# Verkaufe diverse Gutschein Codes / FarCry3, TombRaider, Crysis3, Bioshock, Farcry3:Blood Dragon



## scumpy (19. August 2013)

*ALLE Gutschein weg!!!*
Danke an alle.

Hallo,

habe folgende AMD Gutscheine zum Verkauf:

 Gutschein 1: *--> bereits weg*
Farcry 3 (nicht Blood Dragon, sondern das richtige Farcry 3)
DiRT Showdown lege ich kostenlos dazu (Die Aktion ist offiziell abgelaufen, konnte kürzlich jedoch noch ganz normal über Steam aktiviert werden...)
15,- Euro

Gutschein 2 *--> bereits weg*
 Bioshock Infinite + Tomb Raider + Farcry3 Blood Dragon
15,- Euro

Gutschein 3 *--> bereits weg*
 Bioshock Infinite + Crysis 3 + Farcry3 Blood Dragon
15,- Euro

Bei Interesse einfach per PN melden.


----------



## scumpy (27. August 2013)

Ihr könnt natürlich auch bei Interesse Preisvorschläge machen.
Am Besten per PN.


----------



## scumpy (11. September 2013)

Hat keiner Interesse?
15 Euro ist doch ein fairer Preis.
Haben etwa alle schon die Spiele?


----------



## scumpy (15. Oktober 2013)

Ein Gutschein ist noch zu haben, siehe oben.


----------



## scumpy (9. November 2013)

Keiner Interesse?

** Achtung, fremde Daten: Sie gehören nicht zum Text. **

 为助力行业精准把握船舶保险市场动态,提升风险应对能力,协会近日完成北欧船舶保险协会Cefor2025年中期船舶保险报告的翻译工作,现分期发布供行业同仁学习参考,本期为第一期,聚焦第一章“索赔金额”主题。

Ist doch bald Weihnachten... 
Natürlich kann man sich auch auf einen fairen Preis einigen.


----------



## Kaisan (10. November 2013)

scumpy schrieb:


> Keiner Interesse? Ist doch bald Weihnachten...
> Natürlich kann man sich auch auf einen fairen Preis einigen.


 
Der Preis ist allemal fair, nur denke ich, dass wirklich viele dieses Spiele-Pack bereits besitzen (unter anderem auch ich)  Ich hoffe aber, dass Du noch einen Käufer findest - so "kurz" vor Weihnachten müsste das eigentlich möglich sein ...


----------



## Lukecheater (10. November 2013)

Kaisan schrieb:


> Der Preis ist allemal fair, nur denke ich, dass wirklich viele dieses Spiele-Pack bereits besitzen (unter anderem auch ich)  Ich hoffe aber, dass Du noch einen Käufer findest - so "kurz" vor Weihnachten müsste das eigentlich möglich sein ...


 
Ich hab ihm schon längst ne PN hinterlassen  Ich hab diese 3 Spiele nämlich noch nicht (soll vorkommen), da ich eigentlich vorher erst aufrüsten wollte, aber bei dem guten Preis würd ich zuschlagen.


----------